The lines from the start of the records through the one containing "Selling a beautiful" are to be restated word for word; please include both ends.

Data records
Start of Block
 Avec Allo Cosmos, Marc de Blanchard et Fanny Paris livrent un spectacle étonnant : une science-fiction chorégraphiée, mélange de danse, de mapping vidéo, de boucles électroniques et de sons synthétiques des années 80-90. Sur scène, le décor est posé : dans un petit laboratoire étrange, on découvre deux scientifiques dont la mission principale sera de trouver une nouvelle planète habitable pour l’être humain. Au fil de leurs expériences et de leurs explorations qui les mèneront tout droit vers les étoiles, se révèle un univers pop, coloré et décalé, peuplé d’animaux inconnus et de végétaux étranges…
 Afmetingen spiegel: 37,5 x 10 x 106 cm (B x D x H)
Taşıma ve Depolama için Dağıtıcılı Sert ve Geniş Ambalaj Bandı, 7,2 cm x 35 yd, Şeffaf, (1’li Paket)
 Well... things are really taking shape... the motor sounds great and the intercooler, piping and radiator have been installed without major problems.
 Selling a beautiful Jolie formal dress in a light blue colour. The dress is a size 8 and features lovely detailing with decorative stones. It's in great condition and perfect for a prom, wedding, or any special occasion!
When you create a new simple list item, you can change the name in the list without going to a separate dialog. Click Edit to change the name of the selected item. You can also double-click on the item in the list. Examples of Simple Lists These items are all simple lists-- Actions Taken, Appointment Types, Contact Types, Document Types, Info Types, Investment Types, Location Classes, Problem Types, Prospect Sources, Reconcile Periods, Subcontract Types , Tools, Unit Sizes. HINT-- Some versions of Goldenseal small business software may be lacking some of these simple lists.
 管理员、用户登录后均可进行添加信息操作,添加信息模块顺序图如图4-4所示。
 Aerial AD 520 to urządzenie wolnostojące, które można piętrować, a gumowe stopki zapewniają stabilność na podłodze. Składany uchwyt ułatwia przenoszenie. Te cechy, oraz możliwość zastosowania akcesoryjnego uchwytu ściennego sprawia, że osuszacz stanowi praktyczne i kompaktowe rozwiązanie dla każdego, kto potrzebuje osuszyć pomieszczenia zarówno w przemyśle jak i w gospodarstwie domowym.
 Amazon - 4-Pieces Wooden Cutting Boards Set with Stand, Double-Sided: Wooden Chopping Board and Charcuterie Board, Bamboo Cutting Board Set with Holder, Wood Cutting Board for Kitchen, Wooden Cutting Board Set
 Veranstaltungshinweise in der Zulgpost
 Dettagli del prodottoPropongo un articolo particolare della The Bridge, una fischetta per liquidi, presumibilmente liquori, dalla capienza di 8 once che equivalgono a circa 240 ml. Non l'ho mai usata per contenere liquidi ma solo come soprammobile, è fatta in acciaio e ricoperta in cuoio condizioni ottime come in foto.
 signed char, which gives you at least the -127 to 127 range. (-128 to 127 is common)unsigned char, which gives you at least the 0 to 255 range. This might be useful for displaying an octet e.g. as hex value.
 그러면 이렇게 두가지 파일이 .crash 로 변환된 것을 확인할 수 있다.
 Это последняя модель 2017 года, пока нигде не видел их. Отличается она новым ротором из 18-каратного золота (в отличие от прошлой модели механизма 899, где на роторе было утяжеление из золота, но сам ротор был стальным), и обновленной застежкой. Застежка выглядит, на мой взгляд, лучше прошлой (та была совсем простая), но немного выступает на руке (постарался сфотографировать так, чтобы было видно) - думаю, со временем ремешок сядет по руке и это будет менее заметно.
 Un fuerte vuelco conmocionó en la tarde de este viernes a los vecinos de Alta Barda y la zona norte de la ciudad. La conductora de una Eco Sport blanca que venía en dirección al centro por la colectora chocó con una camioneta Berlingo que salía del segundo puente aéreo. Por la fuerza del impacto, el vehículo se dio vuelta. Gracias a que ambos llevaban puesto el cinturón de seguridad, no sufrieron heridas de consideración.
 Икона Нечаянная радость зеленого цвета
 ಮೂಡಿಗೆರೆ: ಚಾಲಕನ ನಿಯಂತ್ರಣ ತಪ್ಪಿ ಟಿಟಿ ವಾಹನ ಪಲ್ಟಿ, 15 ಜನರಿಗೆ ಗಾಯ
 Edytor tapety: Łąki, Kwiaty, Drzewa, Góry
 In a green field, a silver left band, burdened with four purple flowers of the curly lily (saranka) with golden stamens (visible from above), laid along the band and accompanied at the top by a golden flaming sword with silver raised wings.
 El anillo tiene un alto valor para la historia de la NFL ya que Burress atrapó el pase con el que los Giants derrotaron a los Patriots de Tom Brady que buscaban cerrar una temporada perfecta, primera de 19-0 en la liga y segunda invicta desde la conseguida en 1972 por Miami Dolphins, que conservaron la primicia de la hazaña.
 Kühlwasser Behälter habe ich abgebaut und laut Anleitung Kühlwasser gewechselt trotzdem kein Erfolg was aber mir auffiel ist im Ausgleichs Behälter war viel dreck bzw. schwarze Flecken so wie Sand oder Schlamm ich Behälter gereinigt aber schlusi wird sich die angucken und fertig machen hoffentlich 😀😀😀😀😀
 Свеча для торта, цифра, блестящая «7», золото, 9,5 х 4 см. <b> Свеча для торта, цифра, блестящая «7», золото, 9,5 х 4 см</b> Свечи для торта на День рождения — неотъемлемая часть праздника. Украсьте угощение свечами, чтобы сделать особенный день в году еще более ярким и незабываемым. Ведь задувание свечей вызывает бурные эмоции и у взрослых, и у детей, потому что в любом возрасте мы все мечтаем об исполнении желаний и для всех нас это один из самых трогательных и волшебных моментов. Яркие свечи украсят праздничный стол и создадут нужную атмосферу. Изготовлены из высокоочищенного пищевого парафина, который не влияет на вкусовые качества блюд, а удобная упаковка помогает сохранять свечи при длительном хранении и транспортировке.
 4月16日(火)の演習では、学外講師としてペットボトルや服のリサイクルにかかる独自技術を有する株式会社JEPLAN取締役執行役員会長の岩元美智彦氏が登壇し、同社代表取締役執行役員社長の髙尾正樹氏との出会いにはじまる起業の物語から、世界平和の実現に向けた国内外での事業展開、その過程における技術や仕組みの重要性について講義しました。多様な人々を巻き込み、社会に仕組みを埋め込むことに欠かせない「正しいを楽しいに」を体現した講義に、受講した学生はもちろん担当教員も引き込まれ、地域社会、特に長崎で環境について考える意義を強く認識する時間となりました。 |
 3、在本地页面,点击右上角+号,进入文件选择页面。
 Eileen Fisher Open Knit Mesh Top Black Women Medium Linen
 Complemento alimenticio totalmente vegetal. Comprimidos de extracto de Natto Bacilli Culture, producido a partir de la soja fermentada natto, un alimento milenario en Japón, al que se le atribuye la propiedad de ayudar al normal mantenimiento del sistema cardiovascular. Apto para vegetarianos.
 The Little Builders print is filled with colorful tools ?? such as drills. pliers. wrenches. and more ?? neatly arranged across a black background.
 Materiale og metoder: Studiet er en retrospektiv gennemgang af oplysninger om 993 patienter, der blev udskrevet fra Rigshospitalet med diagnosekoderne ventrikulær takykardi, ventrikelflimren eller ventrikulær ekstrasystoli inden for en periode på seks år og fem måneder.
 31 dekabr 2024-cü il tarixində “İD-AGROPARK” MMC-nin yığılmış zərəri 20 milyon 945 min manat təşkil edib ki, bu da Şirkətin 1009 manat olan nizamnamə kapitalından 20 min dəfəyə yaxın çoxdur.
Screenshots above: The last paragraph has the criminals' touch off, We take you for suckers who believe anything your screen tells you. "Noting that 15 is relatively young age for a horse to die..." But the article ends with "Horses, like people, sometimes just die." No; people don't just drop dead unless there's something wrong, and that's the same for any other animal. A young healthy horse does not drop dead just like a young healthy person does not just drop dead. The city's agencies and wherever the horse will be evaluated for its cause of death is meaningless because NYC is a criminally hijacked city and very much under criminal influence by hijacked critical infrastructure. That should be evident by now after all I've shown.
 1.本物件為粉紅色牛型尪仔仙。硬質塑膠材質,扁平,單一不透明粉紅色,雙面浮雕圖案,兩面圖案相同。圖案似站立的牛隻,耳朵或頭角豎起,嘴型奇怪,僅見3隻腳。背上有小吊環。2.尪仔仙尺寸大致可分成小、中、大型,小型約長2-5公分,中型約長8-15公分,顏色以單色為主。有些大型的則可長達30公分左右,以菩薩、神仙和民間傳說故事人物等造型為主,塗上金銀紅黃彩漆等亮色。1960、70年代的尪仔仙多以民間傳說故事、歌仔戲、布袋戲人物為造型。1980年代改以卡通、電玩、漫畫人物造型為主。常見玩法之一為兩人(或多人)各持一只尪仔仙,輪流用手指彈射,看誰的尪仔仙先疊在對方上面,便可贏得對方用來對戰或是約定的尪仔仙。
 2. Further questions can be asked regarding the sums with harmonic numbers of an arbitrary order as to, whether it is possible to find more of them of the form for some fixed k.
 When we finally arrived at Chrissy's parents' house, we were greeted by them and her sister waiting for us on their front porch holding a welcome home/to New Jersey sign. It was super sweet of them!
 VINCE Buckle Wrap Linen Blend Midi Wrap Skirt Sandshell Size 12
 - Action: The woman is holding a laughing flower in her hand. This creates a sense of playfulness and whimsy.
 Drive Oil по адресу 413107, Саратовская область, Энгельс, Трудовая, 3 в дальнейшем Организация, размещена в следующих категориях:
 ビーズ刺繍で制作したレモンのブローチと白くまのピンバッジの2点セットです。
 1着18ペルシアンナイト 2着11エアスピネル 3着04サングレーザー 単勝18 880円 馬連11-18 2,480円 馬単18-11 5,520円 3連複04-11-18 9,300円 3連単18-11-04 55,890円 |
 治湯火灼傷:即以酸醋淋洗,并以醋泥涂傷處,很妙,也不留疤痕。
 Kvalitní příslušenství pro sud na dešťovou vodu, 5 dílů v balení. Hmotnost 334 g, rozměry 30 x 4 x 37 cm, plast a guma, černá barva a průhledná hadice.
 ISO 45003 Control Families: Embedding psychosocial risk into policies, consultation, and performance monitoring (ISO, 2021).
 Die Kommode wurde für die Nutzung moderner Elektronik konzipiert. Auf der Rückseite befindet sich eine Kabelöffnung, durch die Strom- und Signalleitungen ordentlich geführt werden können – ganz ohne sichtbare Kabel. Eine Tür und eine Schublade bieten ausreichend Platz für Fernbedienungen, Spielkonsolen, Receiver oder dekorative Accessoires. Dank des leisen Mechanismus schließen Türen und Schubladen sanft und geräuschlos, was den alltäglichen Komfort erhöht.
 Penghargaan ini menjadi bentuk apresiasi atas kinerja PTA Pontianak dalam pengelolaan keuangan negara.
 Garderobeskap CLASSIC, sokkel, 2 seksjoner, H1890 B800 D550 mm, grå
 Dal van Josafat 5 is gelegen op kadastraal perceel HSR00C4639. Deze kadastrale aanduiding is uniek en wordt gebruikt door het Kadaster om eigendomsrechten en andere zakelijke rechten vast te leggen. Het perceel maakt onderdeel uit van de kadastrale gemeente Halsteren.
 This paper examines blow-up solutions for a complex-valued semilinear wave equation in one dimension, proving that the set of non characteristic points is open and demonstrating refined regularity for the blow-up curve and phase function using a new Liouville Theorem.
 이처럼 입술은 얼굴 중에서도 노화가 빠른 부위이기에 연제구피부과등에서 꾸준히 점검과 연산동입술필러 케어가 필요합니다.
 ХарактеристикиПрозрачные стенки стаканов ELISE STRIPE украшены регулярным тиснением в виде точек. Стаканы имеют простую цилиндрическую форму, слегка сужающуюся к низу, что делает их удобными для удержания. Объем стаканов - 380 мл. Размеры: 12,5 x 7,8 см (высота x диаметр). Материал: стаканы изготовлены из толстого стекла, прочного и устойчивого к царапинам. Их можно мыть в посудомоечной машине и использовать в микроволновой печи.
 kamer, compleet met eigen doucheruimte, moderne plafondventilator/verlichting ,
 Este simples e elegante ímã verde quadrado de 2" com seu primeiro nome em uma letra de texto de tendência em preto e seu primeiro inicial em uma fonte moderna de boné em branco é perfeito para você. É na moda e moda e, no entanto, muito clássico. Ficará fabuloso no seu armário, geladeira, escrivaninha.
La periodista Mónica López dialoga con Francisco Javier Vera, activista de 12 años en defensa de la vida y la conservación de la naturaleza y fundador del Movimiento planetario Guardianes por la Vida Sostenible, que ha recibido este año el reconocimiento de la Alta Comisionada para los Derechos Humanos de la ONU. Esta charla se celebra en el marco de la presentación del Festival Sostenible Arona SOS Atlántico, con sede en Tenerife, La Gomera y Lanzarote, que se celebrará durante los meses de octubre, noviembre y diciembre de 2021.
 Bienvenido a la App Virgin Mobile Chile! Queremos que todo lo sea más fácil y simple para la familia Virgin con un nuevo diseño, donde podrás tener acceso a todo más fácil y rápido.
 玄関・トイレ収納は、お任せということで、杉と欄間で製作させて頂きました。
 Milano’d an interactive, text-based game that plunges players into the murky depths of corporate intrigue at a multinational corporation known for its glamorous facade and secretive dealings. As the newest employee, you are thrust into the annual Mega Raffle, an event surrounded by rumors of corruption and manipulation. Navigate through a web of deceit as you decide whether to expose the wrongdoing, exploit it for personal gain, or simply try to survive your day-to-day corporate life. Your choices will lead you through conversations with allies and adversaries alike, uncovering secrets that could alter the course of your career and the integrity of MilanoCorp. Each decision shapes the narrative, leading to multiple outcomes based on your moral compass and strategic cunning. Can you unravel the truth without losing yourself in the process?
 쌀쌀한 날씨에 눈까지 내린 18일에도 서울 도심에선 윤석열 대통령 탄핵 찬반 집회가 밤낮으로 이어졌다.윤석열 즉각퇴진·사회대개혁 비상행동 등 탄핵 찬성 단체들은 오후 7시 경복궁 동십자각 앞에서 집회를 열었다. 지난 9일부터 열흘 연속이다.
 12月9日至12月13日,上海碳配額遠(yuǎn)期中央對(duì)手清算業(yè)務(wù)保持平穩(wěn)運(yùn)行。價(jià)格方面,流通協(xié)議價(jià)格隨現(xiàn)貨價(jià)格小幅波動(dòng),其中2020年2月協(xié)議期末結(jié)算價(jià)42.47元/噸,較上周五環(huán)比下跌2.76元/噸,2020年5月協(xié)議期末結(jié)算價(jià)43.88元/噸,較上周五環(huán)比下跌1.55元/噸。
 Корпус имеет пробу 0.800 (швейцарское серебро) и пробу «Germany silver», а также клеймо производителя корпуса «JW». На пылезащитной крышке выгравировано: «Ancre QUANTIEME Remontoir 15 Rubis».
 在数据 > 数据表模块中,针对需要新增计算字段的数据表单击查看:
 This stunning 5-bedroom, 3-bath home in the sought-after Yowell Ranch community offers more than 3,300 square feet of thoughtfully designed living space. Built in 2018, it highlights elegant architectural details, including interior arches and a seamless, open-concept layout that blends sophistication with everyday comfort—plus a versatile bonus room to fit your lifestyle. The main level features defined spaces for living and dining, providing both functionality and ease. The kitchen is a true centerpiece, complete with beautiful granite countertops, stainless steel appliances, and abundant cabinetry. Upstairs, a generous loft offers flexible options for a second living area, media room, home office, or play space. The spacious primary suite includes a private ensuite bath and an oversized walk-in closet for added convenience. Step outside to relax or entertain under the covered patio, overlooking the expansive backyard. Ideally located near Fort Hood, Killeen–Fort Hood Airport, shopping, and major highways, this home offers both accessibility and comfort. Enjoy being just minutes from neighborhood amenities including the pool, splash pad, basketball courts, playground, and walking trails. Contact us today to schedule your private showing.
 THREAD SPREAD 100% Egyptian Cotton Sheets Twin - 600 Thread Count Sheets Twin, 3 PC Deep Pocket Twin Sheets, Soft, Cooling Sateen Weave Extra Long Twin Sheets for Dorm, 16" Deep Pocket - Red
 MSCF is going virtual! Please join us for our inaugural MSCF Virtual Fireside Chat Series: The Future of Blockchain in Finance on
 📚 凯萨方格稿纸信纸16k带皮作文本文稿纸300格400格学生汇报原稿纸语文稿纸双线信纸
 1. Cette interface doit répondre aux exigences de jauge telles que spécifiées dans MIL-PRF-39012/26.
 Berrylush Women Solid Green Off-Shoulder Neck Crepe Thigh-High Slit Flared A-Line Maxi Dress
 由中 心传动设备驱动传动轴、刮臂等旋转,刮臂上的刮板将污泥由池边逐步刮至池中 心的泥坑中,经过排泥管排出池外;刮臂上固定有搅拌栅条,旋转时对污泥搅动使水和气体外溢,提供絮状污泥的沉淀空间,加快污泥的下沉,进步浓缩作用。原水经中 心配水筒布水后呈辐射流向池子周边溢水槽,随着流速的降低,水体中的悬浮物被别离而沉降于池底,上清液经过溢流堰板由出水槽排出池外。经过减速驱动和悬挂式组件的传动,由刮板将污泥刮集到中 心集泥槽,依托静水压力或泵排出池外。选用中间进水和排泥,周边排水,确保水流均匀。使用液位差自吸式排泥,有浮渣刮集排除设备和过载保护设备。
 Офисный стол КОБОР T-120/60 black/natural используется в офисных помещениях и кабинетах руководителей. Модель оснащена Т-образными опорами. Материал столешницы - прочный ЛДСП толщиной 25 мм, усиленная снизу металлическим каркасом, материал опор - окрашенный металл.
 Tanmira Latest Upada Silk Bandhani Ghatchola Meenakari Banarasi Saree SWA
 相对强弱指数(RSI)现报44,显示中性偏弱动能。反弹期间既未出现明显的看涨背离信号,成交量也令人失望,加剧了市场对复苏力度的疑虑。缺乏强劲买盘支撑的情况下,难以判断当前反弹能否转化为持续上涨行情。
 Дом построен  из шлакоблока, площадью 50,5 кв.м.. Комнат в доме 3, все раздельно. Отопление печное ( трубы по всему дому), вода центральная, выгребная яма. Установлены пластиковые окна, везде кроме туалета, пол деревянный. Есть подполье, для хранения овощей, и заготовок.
End of Block
Expected output.
 Avec Allo Cosmos, Marc de Blanchard et Fanny Paris livrent un spectacle étonnant : une science-fiction chorégraphiée, mélange de danse, de mapping vidéo, de boucles électroniques et de sons synthétiques des années 80-90. Sur scène, le décor est posé : dans un petit laboratoire étrange, on découvre deux scientifiques dont la mission principale sera de trouver une nouvelle planète habitable pour l’être humain. Au fil de leurs expériences et de leurs explorations qui les mèneront tout droit vers les étoiles, se révèle un univers pop, coloré et décalé, peuplé d’animaux inconnus et de végétaux étranges…
 Afmetingen spiegel: 37,5 x 10 x 106 cm (B x D x H)
Taşıma ve Depolama için Dağıtıcılı Sert ve Geniş Ambalaj Bandı, 7,2 cm x 35 yd, Şeffaf, (1’li Paket)
 Well... things are really taking shape... the motor sounds great and the intercooler, piping and radiator have been installed without major problems.
 Selling a beautiful Jolie formal dress in a light blue colour. The dress is a size 8 and features lovely detailing with decorative stones. It's in great condition and perfect for a prom, wedding, or any special occasion!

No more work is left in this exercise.